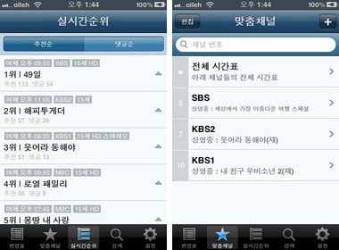 실시간 순위에서는 'TV편성표'를 이용하는 사용자들의 방송 추천으로 인기 순위를 매겨놓은 것이다. 여기서는 어떤 방송이 가장 인기가 좋은지 알 수 있다. 또 방송에 댓글도 달 수 있어 다양한 반응을 확인해 볼 수 있다.
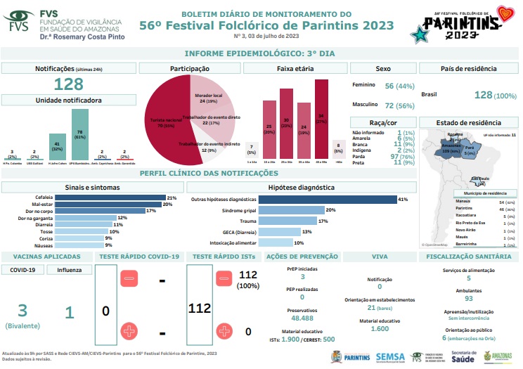 A Fundação de Vigilância em Saúde do Amazonas – Drª Rosemary Costa Pinto (FVS-RCP), vinculada à Secretaria de Estado de Saúde do Amazonas (SES-AM), divulga, nesta segunda-feira (03/07), o informe epidemiológico com o monitoramento da terceira noite do 56º Festival Folclórico de Parintins.
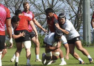 ジャパンラグビーリーグワン所属の横浜キャノンイーグルスが27日から実相寺多目的グラウンドで別府合宿を行っており、28日午後0時半、練習風景をメディアと一般に公開した。横浜キャノンイーグルスは、大分県をセカンダリーホストエリアとしており、別府で毎年キャンプを行っている。11月3日まで。
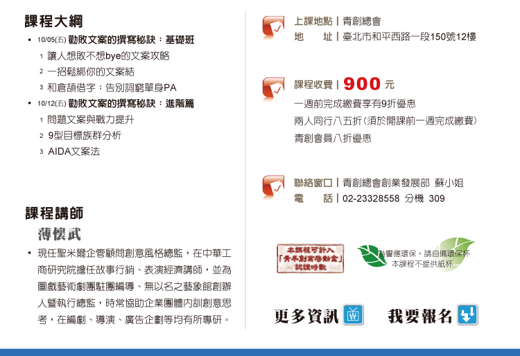 ☑ 單一課程超過1,000元以上,即贈送100元課程折價卷,可折抵下次青創學院課程費用
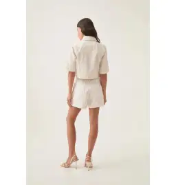New Season Aje Ren Set. Cropped shirt with embroidered details. Boxy fit with wide sleeves and Aje signature gold buttons. Denim shorts with twin belt loops and Aje signature gold button. Leather logo patch on the back. Stunning white denim set perfect for spring and summer
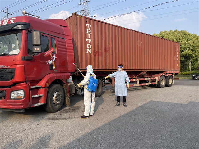 钟楼区“跟车志愿服务队”开展货车消杀工作
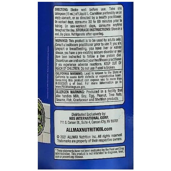 *Some information on the ALLMAX Nutrition Liquid L-Carnitine 1500label may be missing, or it may have been written incorrectly. We work hard to keep the information accurate & up to date. Please let us know if you discover any errors.
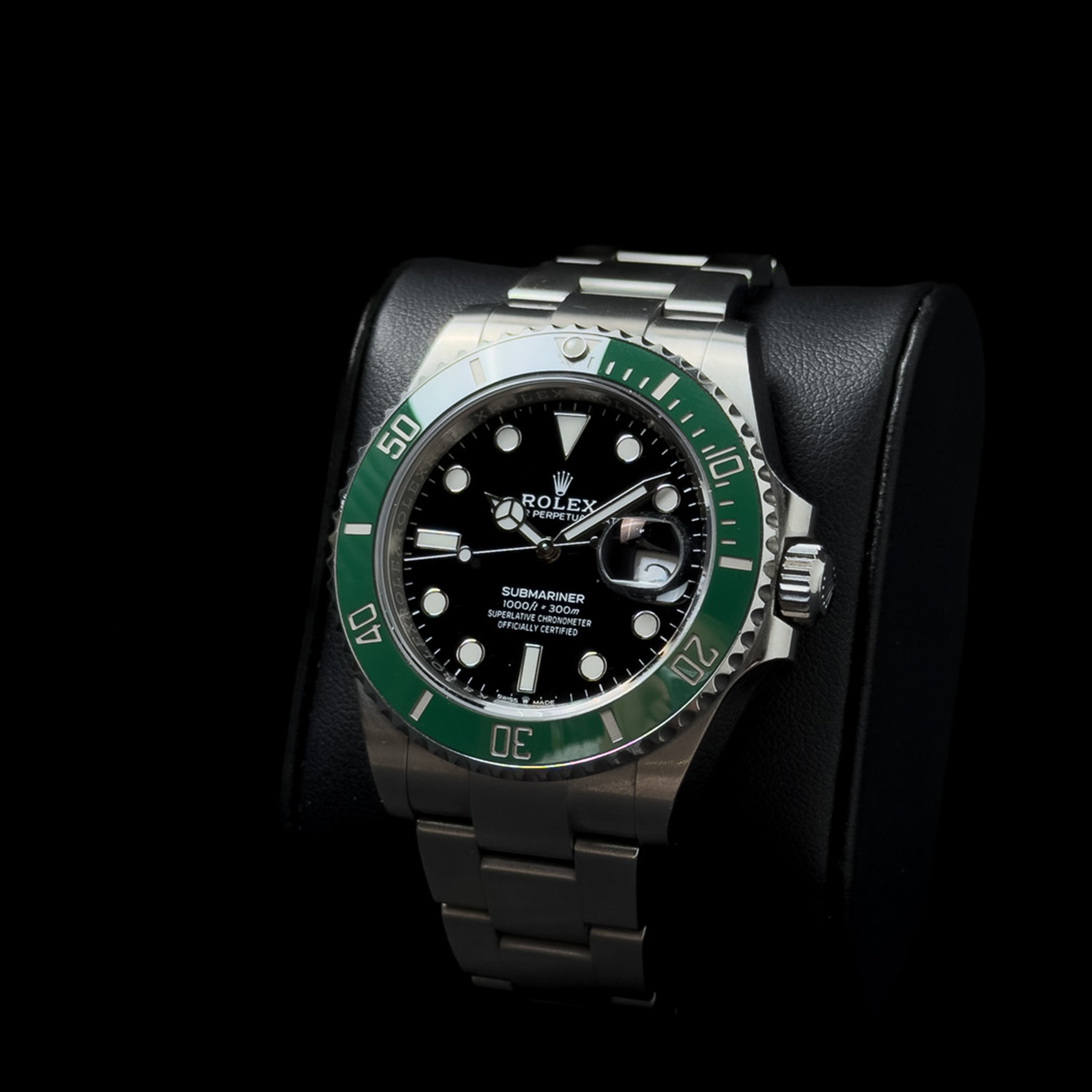Rolex Submariner Date 126610LV ”Starbucks”. Hienossa kunnossa oleva Starbucks! Kellon alkuperäiset paperit on päivätty 1/2022 ja valmistajan 5 vuoden takuu on voimassa 1/2027 saakka. Kello on siistissä kunnossa claspissa ja rannekkeessa on kevyttä käytönjälkeä. Mukaan tulee kaikki (Full set).
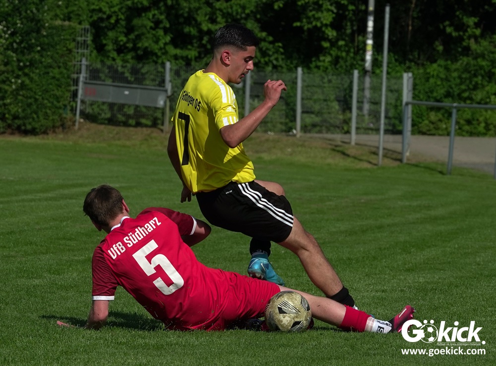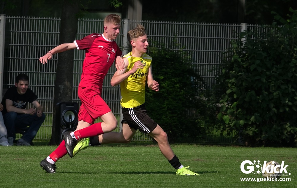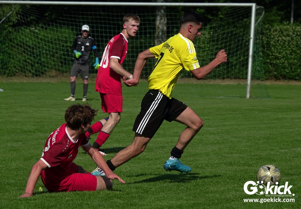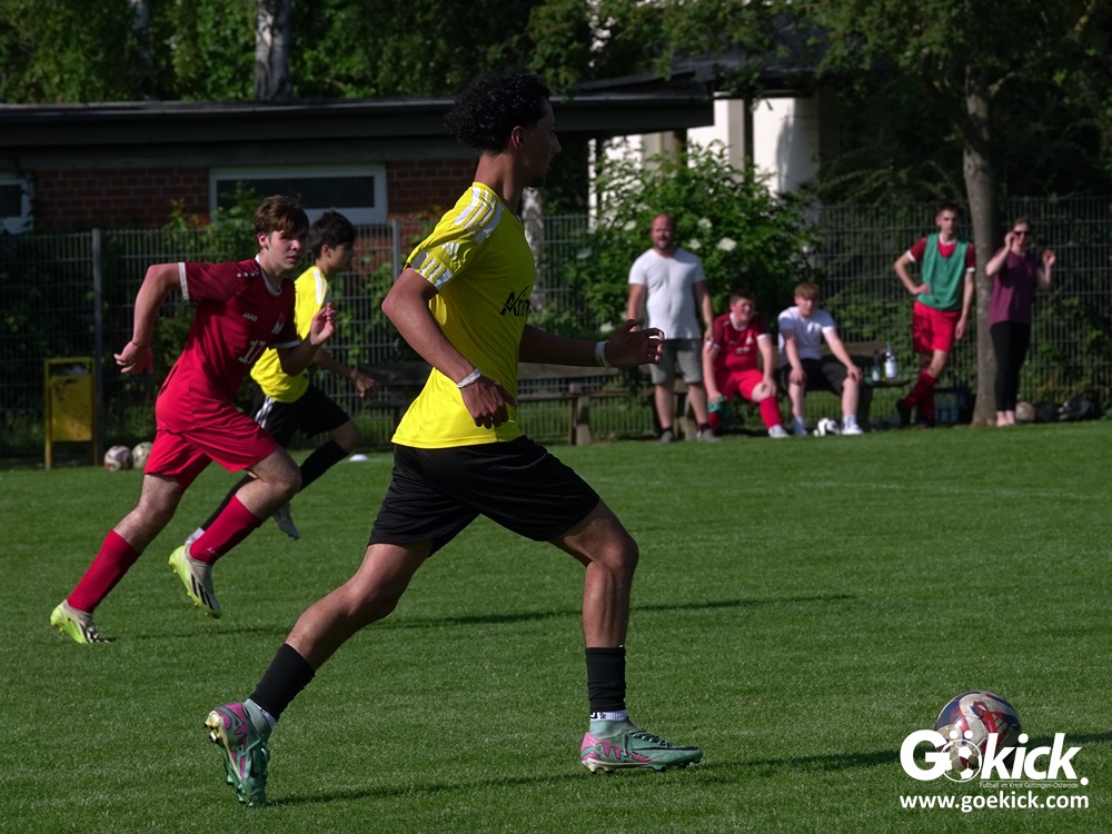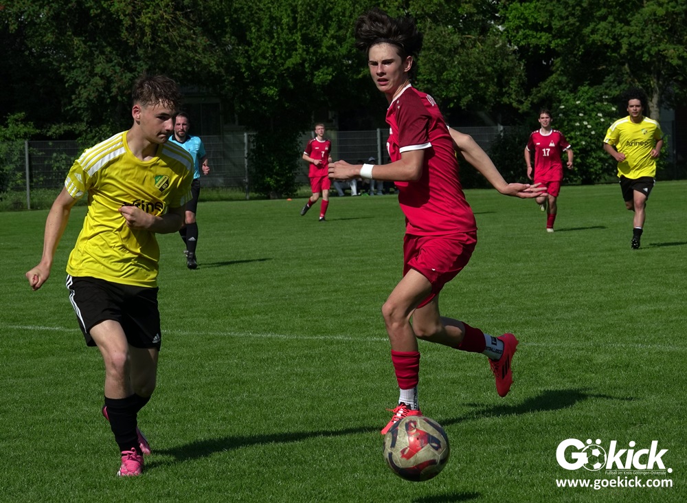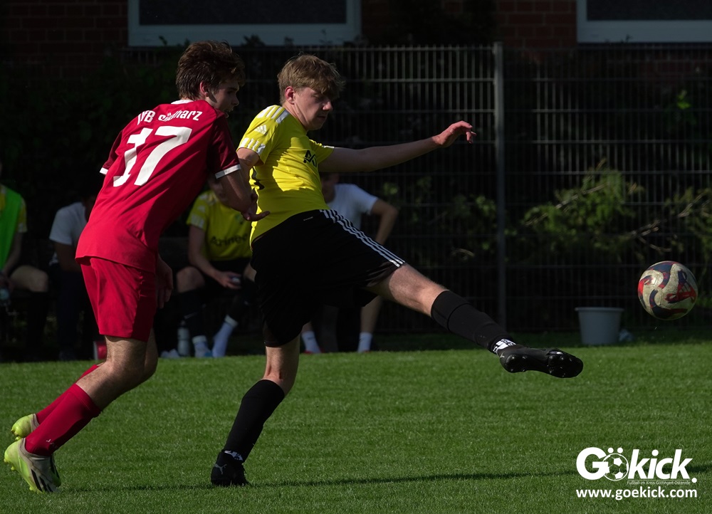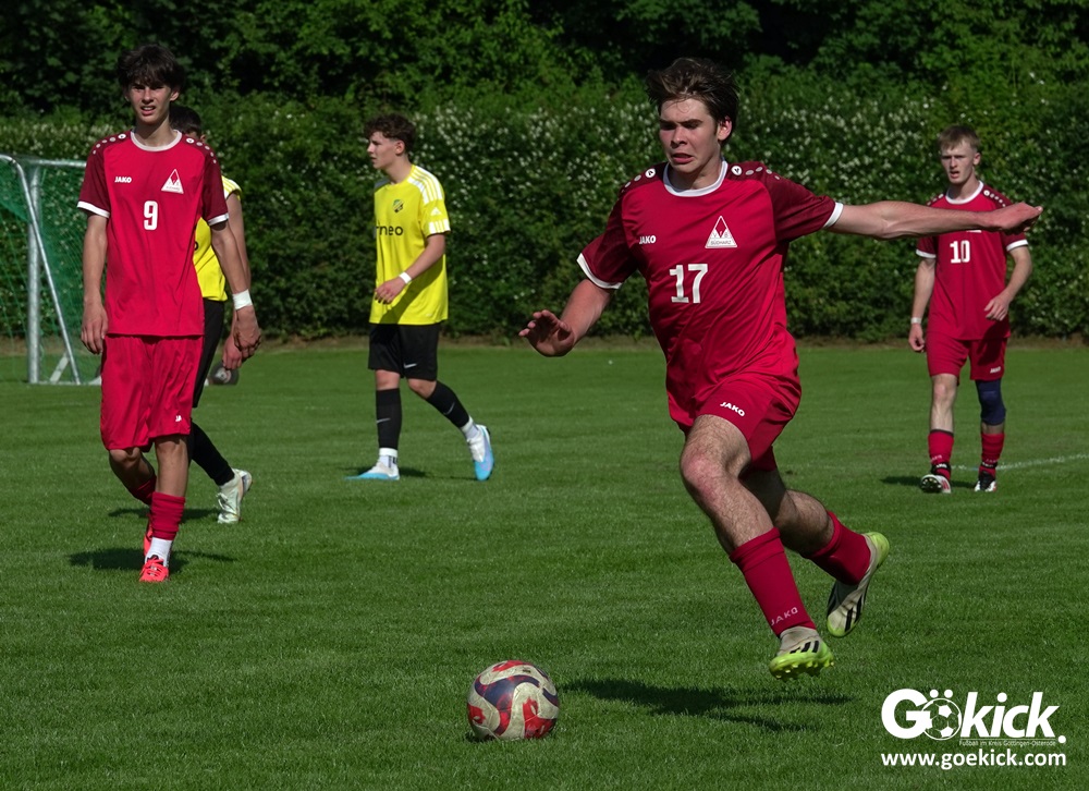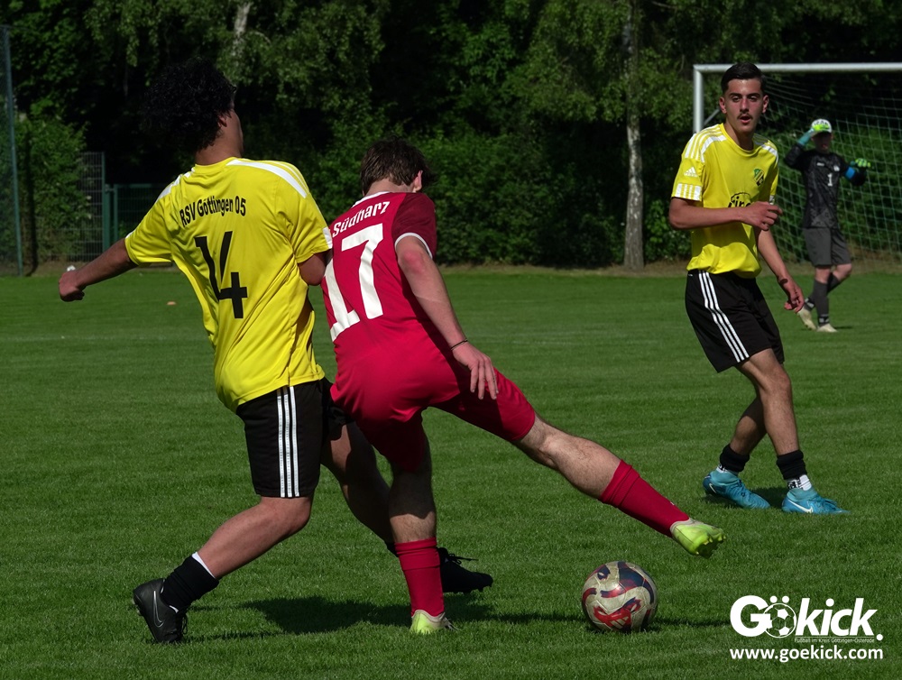 Die Meister-T-Shirts waren gedruckt, die Getränke waren kalt gestellt. Die B-Jugend-Mannschaft des RSV Geismar wollte am vergangenen Samstag mit einem Heim-Sieg über das Schlusslicht der B-Jugend-KreisligaMeisterrunde, den VfB Südharz, die Meisterschaft eintüten. Doch der Gast wehrte sich stärker, als erwartet und ließ den großen Anhang der Hausherren lange zittern. Doch letztendlich siegte der Gastgeber von Trainer Sascha Wiedemann mit 2:1 (1:1) und konnte nach dem Abpfiff über die Kreismeisterschaft jubeln. Das Ergebnis vom Verfolger-Duell zwischen der JSG HarzTor/Neuhof und der SVG Göttingen in Neuhof (2:2) war ohne Bedeutung für den Ausgang der Meisterschaft.
————
EXERCISE DETAILS: Each entry needs to be returned verbatim, with its pictures left out.

FINAL ANSWER:
 실시간 순위에서는 'TV편성표'를 이용하는 사용자들의 방송 추천으로 인기 순위를 매겨놓은 것이다. 여기서는 어떤 방송이 가장 인기가 좋은지 알 수 있다. 또 방송에 댓글도 달 수 있어 다양한 반응을 확인해 볼 수 있다.
 A Fundação de Vigilância em Saúde do Amazonas – Drª Rosemary Costa Pinto (FVS-RCP), vinculada à Secretaria de Estado de Saúde do Amazonas (SES-AM), divulga, nesta segunda-feira (03/07), o informe epidemiológico com o monitoramento da terceira noite do 56º Festival Folclórico de Parintins.
 ジャパンラグビーリーグワン所属の横浜キャノンイーグルスが27日から実相寺多目的グラウンドで別府合宿を行っており、28日午後0時半、練習風景をメディアと一般に公開した。横浜キャノンイーグルスは、大分県をセカンダリーホストエリアとしており、別府で毎年キャンプを行っている。11月3日まで。
 ☑ 單一課程超過1,000元以上,即贈送100元課程折價卷,可折抵下次青創學院課程費用
New Season Aje Ren Set. Cropped shirt with embroidered details. Boxy fit with wide sleeves and Aje signature gold buttons. Denim shorts with twin belt loops and Aje signature gold button. Leather logo patch on the back. Stunning white denim set perfect for spring and summer
 钟楼区“跟车志愿服务队”开展货车消杀工作
 *Some information on the ALLMAX Nutrition Liquid L-Carnitine 1500label may be missing, or it may have been written incorrectly. We work hard to keep the information accurate & up to date. Please let us know if you discover any errors.
Rolex Submariner Date 126610LV ”Starbucks”. Hienossa kunnossa oleva Starbucks! Kellon alkuperäiset paperit on päivätty 1/2022 ja valmistajan 5 vuoden takuu on voimassa 1/2027 saakka. Kello on siistissä kunnossa claspissa ja rannekkeessa on kevyttä käytönjälkeä. Mukaan tulee kaikki (Full set).
 Die Meister-T-Shirts waren gedruckt, die Getränke waren kalt gestellt. Die B-Jugend-Mannschaft des RSV Geismar wollte am vergangenen Samstag mit einem Heim-Sieg über das Schlusslicht der B-Jugend-KreisligaMeisterrunde, den VfB Südharz, die Meisterschaft eintüten. Doch der Gast wehrte sich stärker, als erwartet und ließ den großen Anhang der Hausherren lange zittern. Doch letztendlich siegte der Gastgeber von Trainer Sascha Wiedemann mit 2:1 (1:1) und konnte nach dem Abpfiff über die Kreismeisterschaft jubeln. Das Ergebnis vom Verfolger-Duell zwischen der JSG HarzTor/Neuhof und der SVG Göttingen in Neuhof (2:2) war ohne Bedeutung für den Ausgang der Meisterschaft.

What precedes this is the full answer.